Kirkus Reviews QR Code
FIVE MINUTES PAST MIDNIGHT IN BHOPAL by Dominique Lapierre

FIVE MINUTES PAST MIDNIGHT IN BHOPAL

The Epic Story of the World’s Deadliest Industrial Disaster

by Dominique Lapierre & Javier Moro

Pub Date: May 29th, 2002
ISBN: 0-446-53088-3

An overly dramatized but nonetheless absorbing account of the most devastating industrial accident in world history.

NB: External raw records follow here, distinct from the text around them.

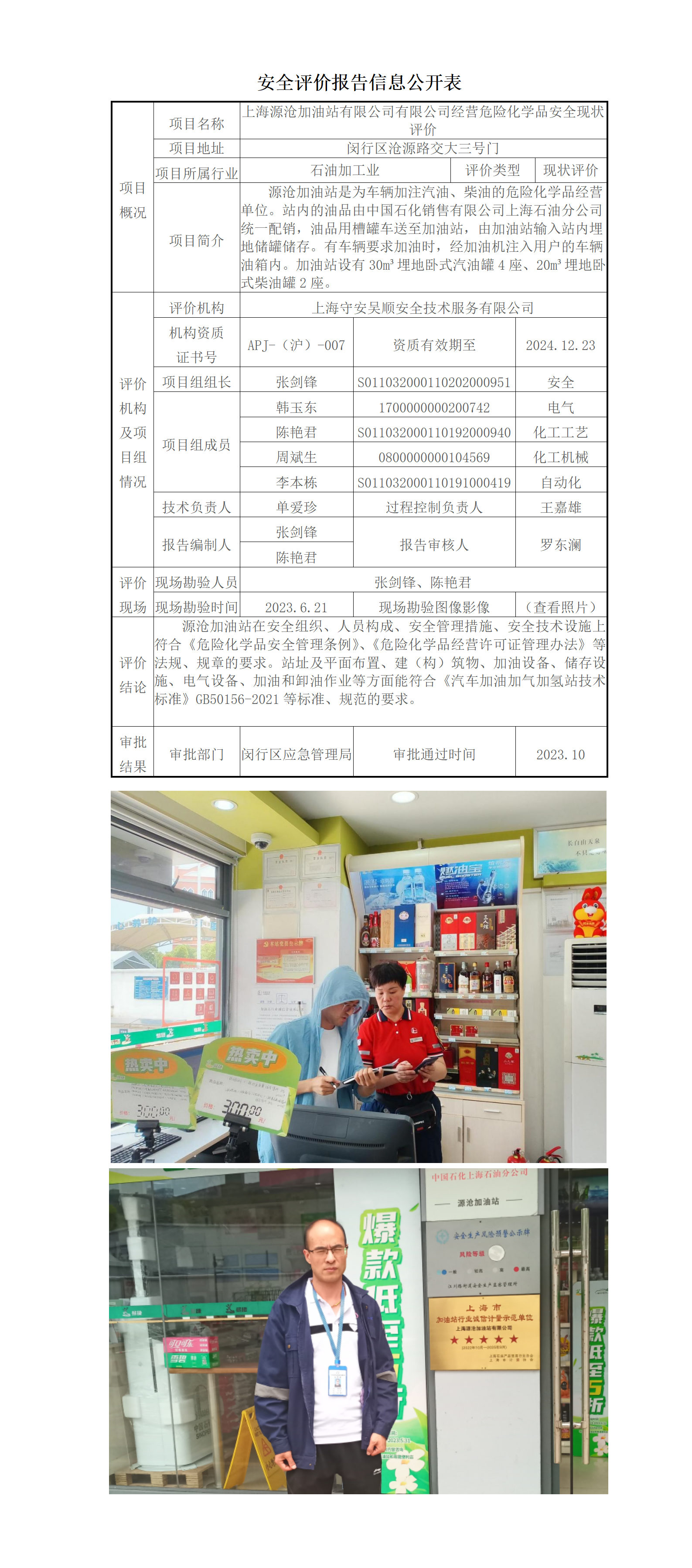 上海源沧加油站有限公司有限公司经营危险化学品安全现状评价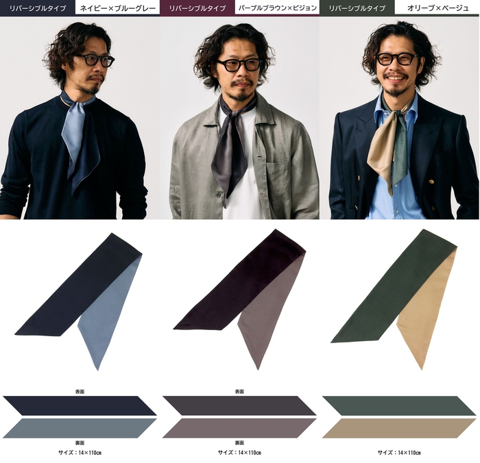 異なるカラーの無地のシルク生地を貼り合わせたコレクション。どちらの面を上にした場合でも、首に無造作に巻きつけたときに裏の色がチラチラとのぞき、首回りを洒脱に仕上げます。じつは色だけでなく、一方はジャカードでシャンタン風の織り模様をつけてマットに仕上げたシルク生地、もう一方の面は光沢のあるシルクサテンを裏使いしたツイール生地と、生地の風合いが異なるのも特徴。これによりマットとサテンのコントラストが楽しめます。色の組み合わせは、「ネイビー×ブルーグレー」「パープルブラウン×ピジョン」「オリーブ×ベージュ」の3タイプ。いずれも同系色の組み合わせに加え、明度や彩度を抑えたニュアンスカラーと呼ばれる色調をセレクトしたことで、派手になりすぎる心配はありません。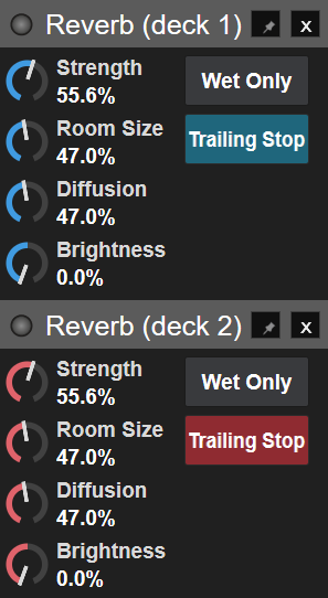 Reverb sounds horrendously hissy with the brightness at 100% and much more what I'm looking for at 0%, is there a way to set the Reverb default brightness to 0% and have it stick across all decks or is this something I will need to do on every launch of VirtualDJ?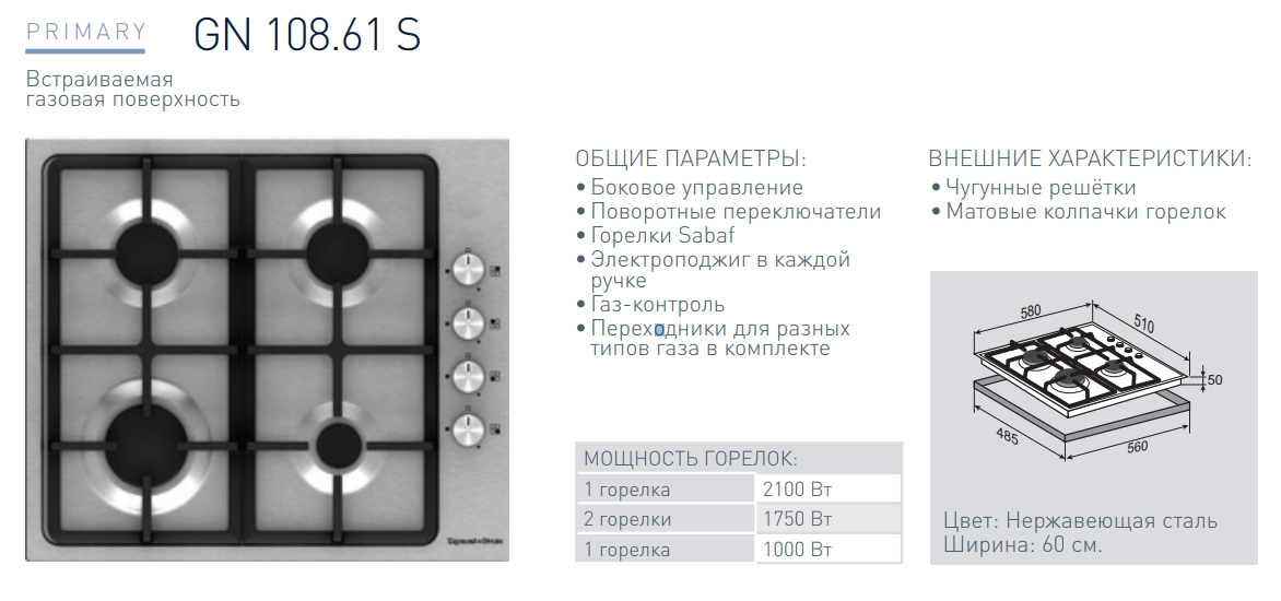 Газовая варочная панель Zigmund-Shtain (Зигмунд-Штайн) GN 108.61 S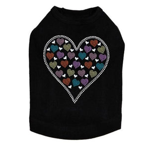 Heart with Multicolor Rhinestud Hearts dog tank for large and small dogs.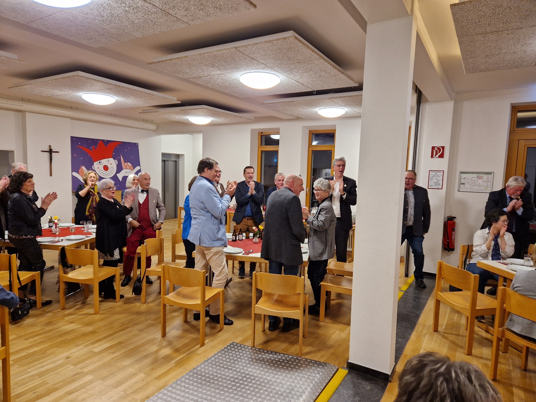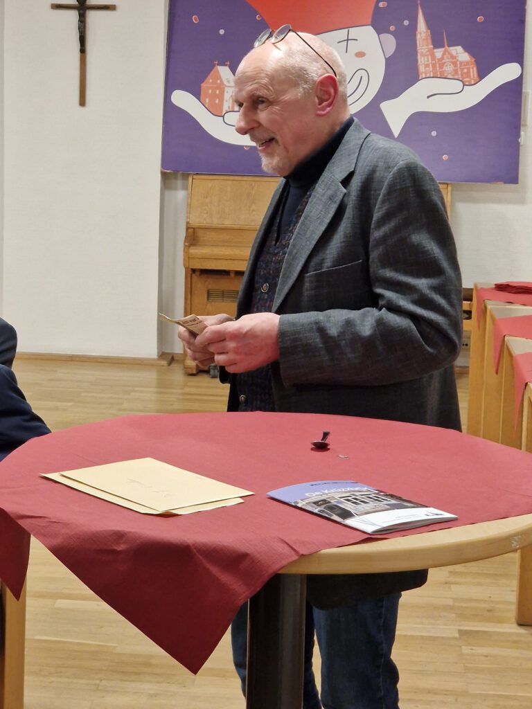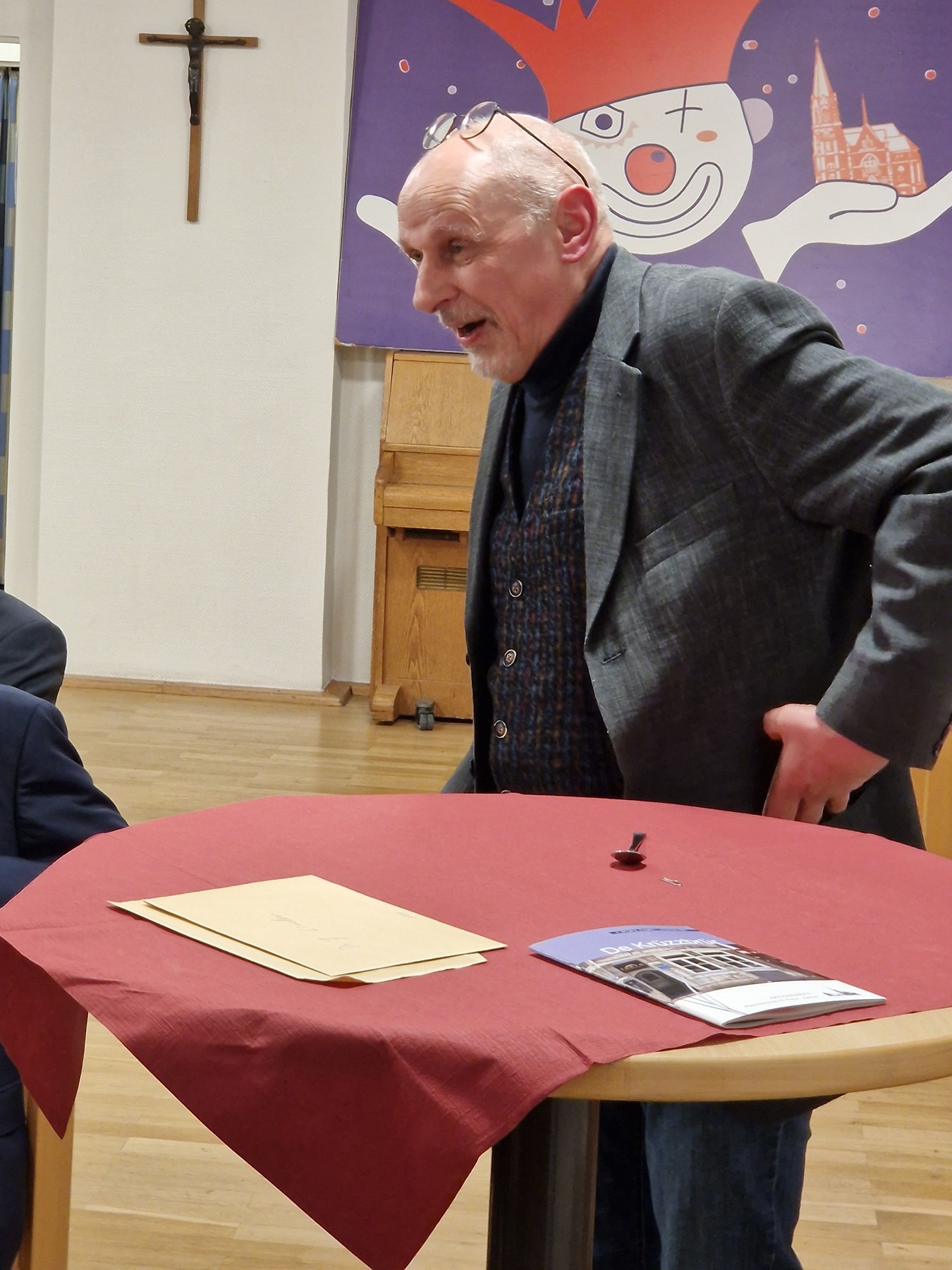 Mit seiner jetzigen lebhaften Rede im Gemeindesaal Heilig Kreuz, in der u.a. von seinem Wechsel von Mönchengladbach in den „Frischluft“-Bereich Aachen, von seiner Studienzeit und der Übernahme der Buchhandlung berichtete, setzte Dr. Walter Vennen schon erste Impulse für den Schlagabtausch beim Herrenabend in der Gaststätte am Knipp, wo ihm am 27. Januar 2026 der Krüzzbrür-Orden offiziell verliehen wird. Es kann hier also durchaus bestätigt werden, dass Dr. Walter Vennen das Aufnahme-Kriterium der besonders humorvollen Art in jeder Hinsicht erfüllt. Die im Anschluss an seine Rede seitens der Krüzzbür-Ordensträger vorgebrachten Statements belegen dies ebenfalls. Und auch die Krüzzbrür-Hymne „Trinkfest und arbeitsscheu, aber der Kirche treu“, die an diesem Abend mehrmals angestimmt wurde, konnte er einwandfrei mitsingen.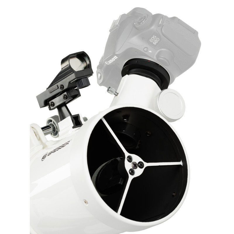 Комплектація Рефлектор/дзеркальний телескоп<br />Кріплення для телескопа Азімут НАНО<br />Штатив із нержавіючої сталі з лотком для аксесуарів<br />Окуляр: BRESSER Super Plössl 26 мм 1,25 дюйми (31,7 мм)<br />Світлодіодний шукач із червоною точкою<br />Сонцезахисний фільтр об'єктива<br />Адаптер камери смартфона<br />Перехідне кільце камери T2 (M42x0,75 мм)<br />Програмне забезпечення та зіркова карта, що обертається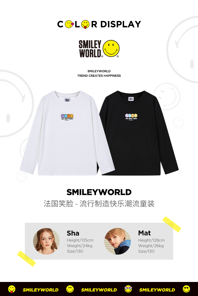 SMILEY WORLD法国笑脸童装长袖t恤百搭男童女童上衣S23335T702 商品图0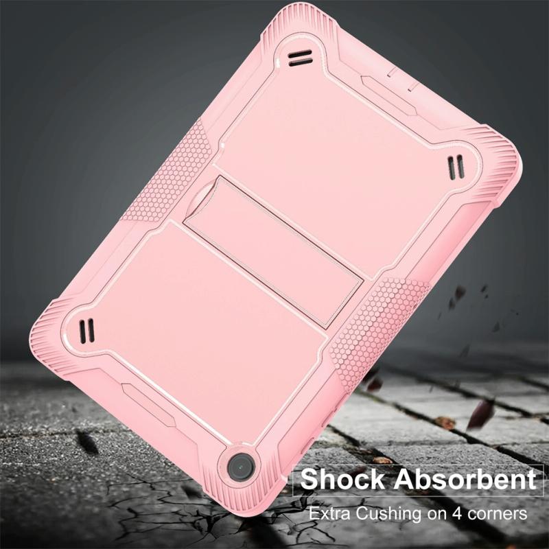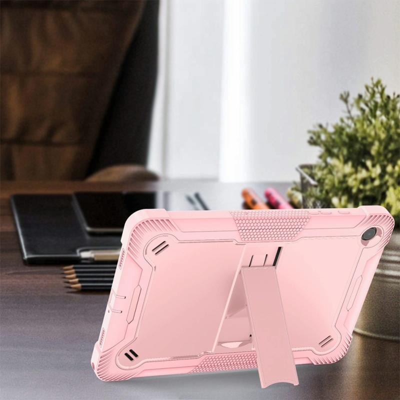 For Samsung Galaxy Tab A9 Shockproof Silicone Hybrid PC Tablet Case with Holder(Rose Gold)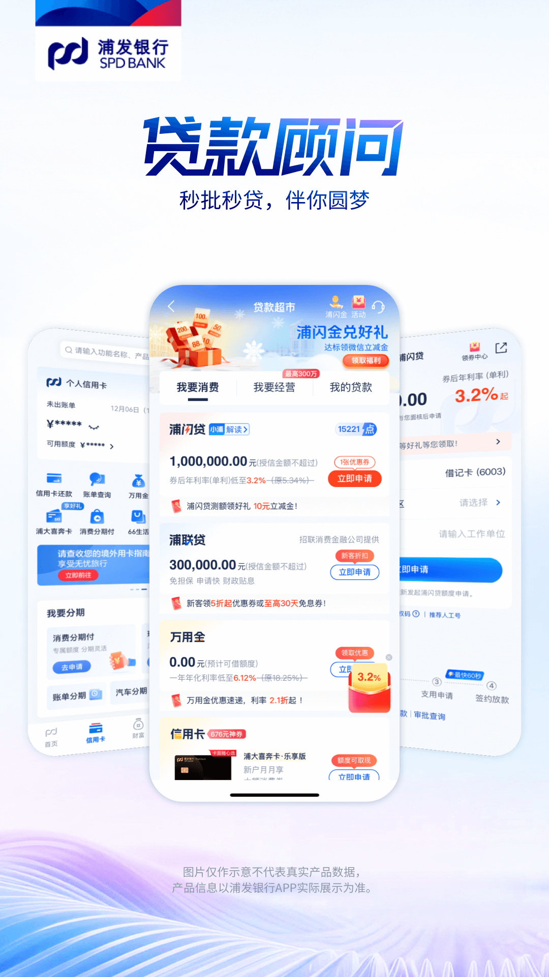 伙伴·共进,浦发银行APP焕新升级! 【做你的财富知己】 1-慧选:理财、基金、存款全品类覆盖!推出慧选矩阵和榜单,实现轻松选、一键投。 2-慧伴:7*24小时财富管家,市场热点、待办事项、持仓分析、投资机会一手掌握。 3-慧诊:四步法资产全面规划,深度持仓产品诊断,科学配置资产,财富稳健增值。 【做你的贷款顾问】 1-贷款超市:消费、置业、经营贷一站式配齐!贷款超市随心选,匹配你的每笔资金规划。 2-优惠权益:政府贴息+利息优惠双重福利,低息省钱更划算。 3-信用卡:聚合双卡权益,融合全能积分等32项功能,一个APP搞定信用卡全场景需求。 【做你的生活搭子】 1-卓信V+:焕新权益礼,达标享好礼,月月有惊喜。 2-代发专区:融合企业人财事管理,为企业员工提供工资查看、签到、请假、OA、报销及专属权益等非金融一站式服务。 3-便民服务:涵盖生活缴费、医疗健康、文娱出行、购物消费,多场景需求一屏直达。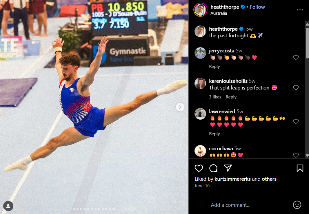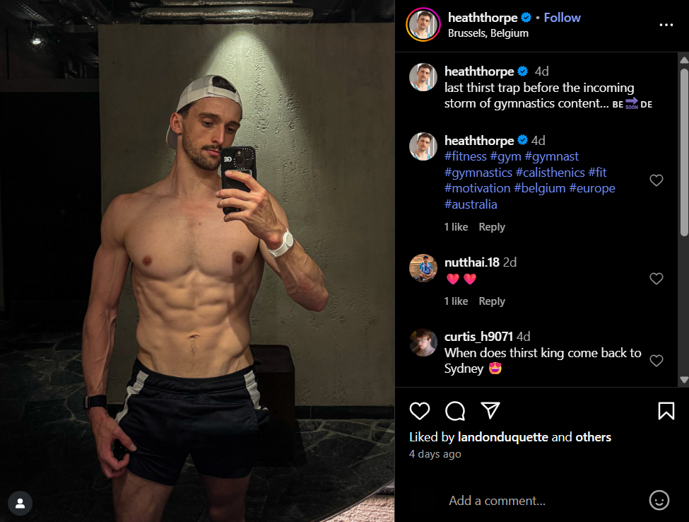 Let’s face it: calling Heath Thorpe’s posts “thirst traps” is almost an understatement. Sure, there’s the signature beachside shots in his speedos, but even his most “athletic” shots—like those gravity-defying moments on the high bar or showing off his impeccable flexibility—end up making fans swoon.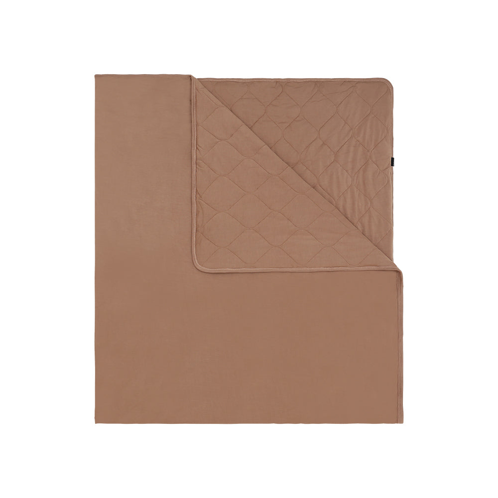 Our soft bamboo material is bigger and better than ever! Our Family Blanket will feel like home with its same cozy bamboo rayon material found in our child blankets and sleepsacks. It is quilted on one side with the same colour on both sides and has the perfect amount of thickness to keep your whole family warm. It’s the best blanket for the whole family fitting up to a Queen sized bed.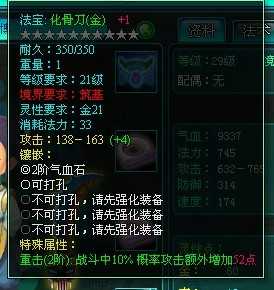 非仙勿擾藍玉腰帶、化骨刀裝備特殊技能屬性,當然這些屬性都是靠著強化石強化的,至少這款游戲還是有可玩的地方的,喜歡的一起來挑戰(zhàn)吧!
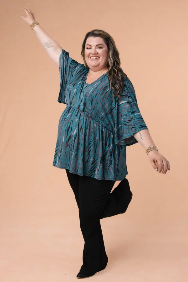 Abstract Dolman Babydoll Top Teal *Final Sale*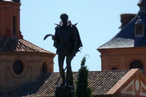 Estatua de Miguel de Cervantes en su ciudad natal, Alcalá de Henares.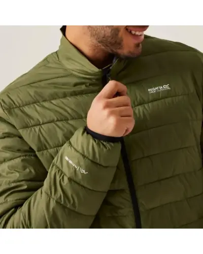 Férfi steppelt kabát, Könnyû 20d poliamid anyag, Tartós vízlepergető felület, Feather Free – prémium minőségû újrahasznosított szintetikus pehely szigetelés, Könnyû töltet, Könnyen összenyomható, 2 cipzáras alsó zseb, rugalmas szegélyek, saját zsákba csomagolható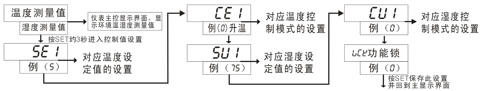 4、濕度控制模式“CU1”:可設(shè)置濕度啟控模式: 目前出廠設(shè)置默認為除濕型。(如需加濕型啟控模式為特殊定貨,下單時特別說明)。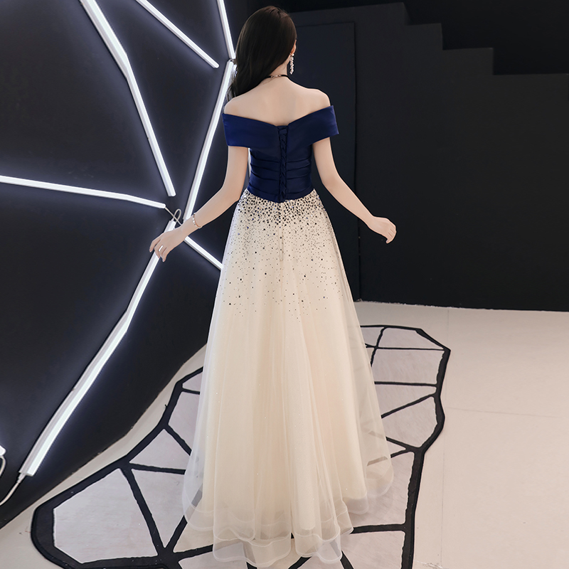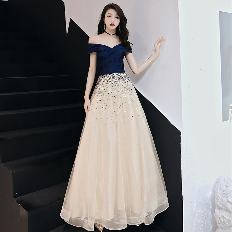 - Dark blue v neck off shoulder long prom dress, evening dress -
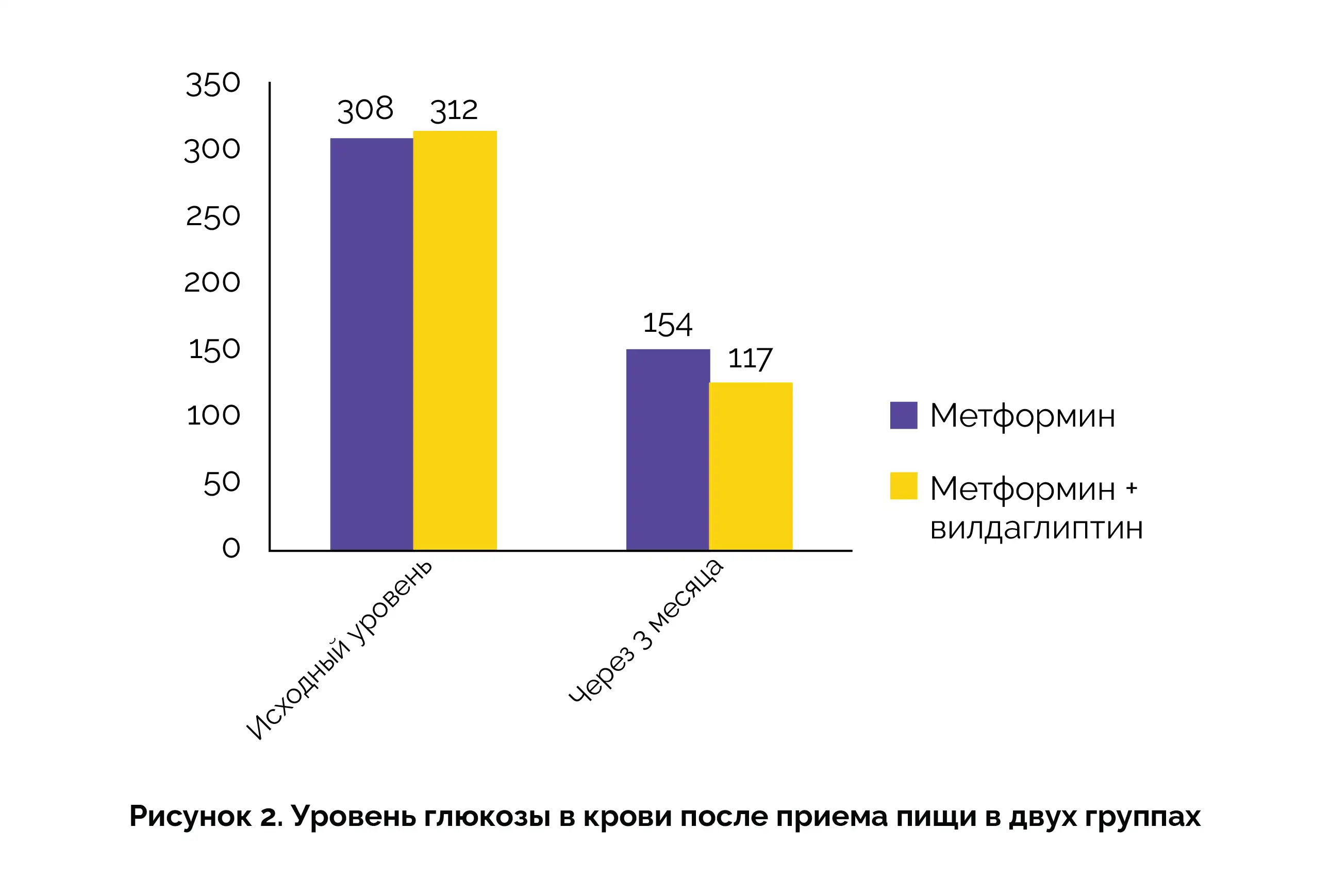 Комбинация метформина и вилдаглиптина не только соответствовала по эффективности монотерапии метформином, но и обладала лучшей переносимостью при низком риске нежелательных явлений.

French journalist Lapierre (A Thousand Suns, 1999, etc.) and Spanish reporter Moro relate the terrible tale of Bhopal, the Indian metropolis devastated by a chemical leak at a Union Carbide plant; in just a few hours, as many as 30,000 residents of the city died of the airborne poison, and perhaps half a million others were sickened. In its early pages, the tale threatens to shape up as one of good against evil, pitting unwitting villagers against greedy capitalists (“Pulpul Singh exploited the economic misfortunes of the poor. . . . With a filthy turban on his head and his dagger ever at the ready, this villain was the terror of small borrowers”), but it eventually takes a more nuanced form. Union Carbide, the American industrial giant, had established a modern chemical plant in India—not to colonize the Third World (as some leftist critics charged at the time of the 1984 accident), but at the invitation of the government, which sought new weapons against “the planetary holocaust wrought by armies of ravaging insects,” as a characteristically exuberant chapter title has it. The well-intended effort was misguided to the extent that India’s farmers did not rush to adopt chemical pesticides, preferring to rely on time-proven methods of predator control. Facing lower than anticipated profits, Union Carbide workers and management took shortcuts in equipping the Bhopal plant with modern safety features and in observing proper procedures for storing deadly methyl isocyanate; Lapierre and Moro refer to a suppressed company memorandum acknowledging as much, one that warned that a disaster could strike at any minute. So it did, and Union Carbide earned much bad press—deservedly, it would seem—for seeking a low-cost settlement with survivors during “four long years of haggling . . . in the absence of a proper trial.”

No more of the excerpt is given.